I hope these observations are of some assistance to anyone who is facing this difficult trial. For me, I am the third of my sisters to get this diagnosis and I have had a previous, unrelated cancer. One of my sisters has survived even though her cancer was diagnosed in an advanced stage. The other  has not. The past few years have not been easy ones for us. However, it has been a time of developing spiritual qualities necessary for coping with what is, for appreciating the friendship and love of family and friends and accepting the challenges that are put in our paths.


Often physical sickness draws man nearer unto his Maker, suffers his heart to be made empty of all worldly desires until it becomes tender and sympathetic toward all sufferers and compassionate to all creatures. Although physical diseases cause man to suffer temporarily, yet they do not touch his spirit. Nay, rather, they contribute toward the divine purpose; that is, spiritual susceptibilities will be created in his heart. (Words attributed to Abdu'l-Baha, from the diary of Ahmad Sohrab, Star of the West, vol. 8, no. 18, p. 231)





By Anna Crawford, Tinian, Northern Mariana Islands

I am writing this response to the question of the month (Volume 5, Issue #1), as my experiences with Breast Cancer are unique and very different from the normal protocol.
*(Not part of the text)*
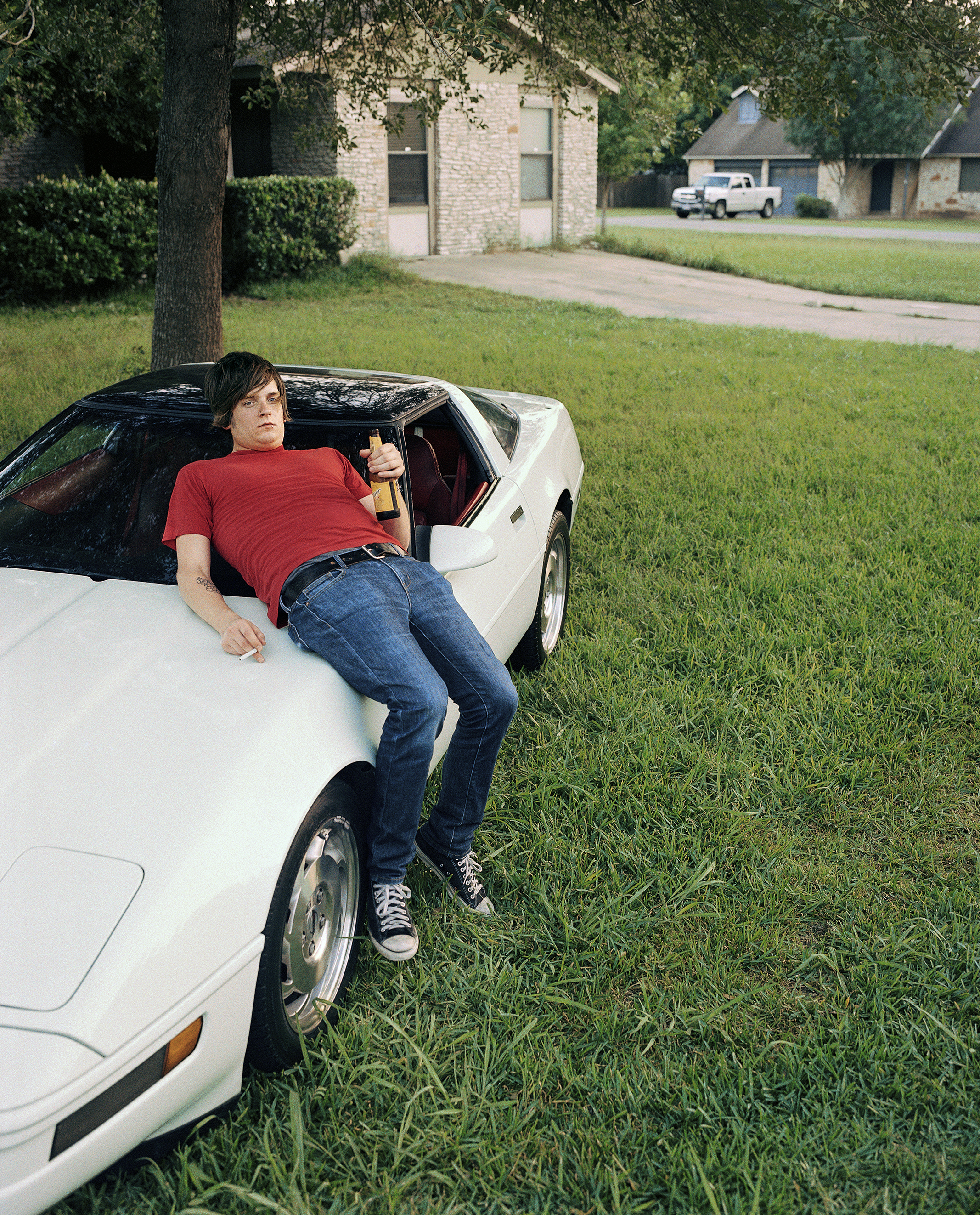 Something about suburbia and the knowing rejection of everything it represents is evident in Chris Buck, Waco, TX (2007) which captures an undergraduate history student not being very studious. Leaning back onto a sports car parked on a luscious green lawn with cigarette in hand, bottle of beer in the other, one can see the structures of rather ordinary homes; not quite the affluence and excitement that the white sports car represents. This Chris Buck is letting you know he doesn’t care what anyone else might think of him or anything else for that matter. Quite fittingly, the car doesn’t belong to him either.

Three years ago May 1998, a lump appeared in my right breast that seemed to come up over night. The wait for almost 6 months for an appointment for a mammogram on another island was difficult. (We are pioneering on a rather isolated place). I became acquainted with a Naturopathic doctor, just starting out, on Tinian, and she treated me with herbs and poultices, and changed my diet while waiting. The mammogram showed a large lump. A biopsy was taken which showed I had breast cancer. Surgery was scheduled to remove the lump as directed by my naturopathic doctor friend. My decision to refuse any chemotherapy, radiation or Tamoxifen had been made years ago. 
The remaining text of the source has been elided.